╭──

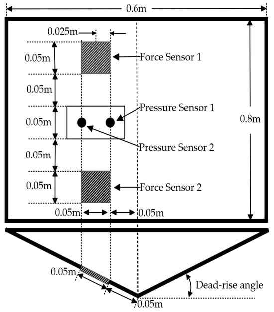 The main dimensions and sensor arrangement of the WILS JIP-III wedge model are shown in Figure 9, and the experimental setup is depicted in Figure 10. Two pressure sensors and two force sensors are positioned on the bottom surface of the wedge. The pressure sensor is located on the bottom surface 0.05 m and 0.1 m away from the longitudinal section in the center plane of the wedge, and the force sensor is situated on the bottom surface at a distance of 0.05 m between the middle transverse section and the longitudinal section in the center plane. The wedge measures 0.8 m in length and 0.6 m in width, weighs 85.375 kg, and the dead-rise angles are designed to be 20° and 30°. The drop height of the wedge was determined to be 0.5 m and 0.25 m. KRISO assumed that the experimental tank would be infinitely long and 1.2 m wide. The water depth is 1.0 m. A water blocking plate ensures the two-dimensional flow of the wedge when it enters the water. The impacting phenomenon of the wedge was recorded by a high-speed camera and accelerometer measurements. More details on the experimental setup are available from Kim et al. [35].
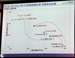 PCとモバイルとの販売額比率で見ると、ファッション系、テレビ通販系、総合通販系の順で伸びていると説明していました。
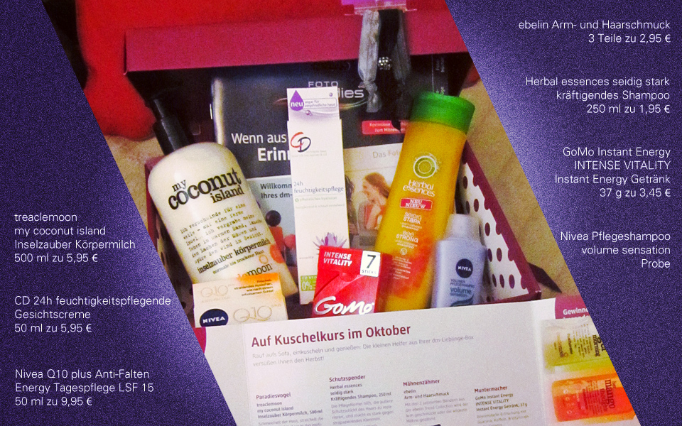 Ungewöhnlich früh kamen also auch die dm Lieblinge für den Oktober 2013; die letzte Box der jetzigen Aboreihe. Den Inhalt möchte ich euch kurz vorstellen:

╰──

(TASK OBJECTIVE):
The line with "PCとモバイルとの販売額比率" and each line after it, through the final line of the data, are to be duplicated exactly, with pictures left out and nothing more included.

(RESULT OF THE EXERCISE):
 PCとモバイルとの販売額比率で見ると、ファッション系、テレビ通販系、総合通販系の順で伸びていると説明していました。
 Ungewöhnlich früh kamen also auch die dm Lieblinge für den Oktober 2013; die letzte Box der jetzigen Aboreihe. Den Inhalt möchte ich euch kurz vorstellen:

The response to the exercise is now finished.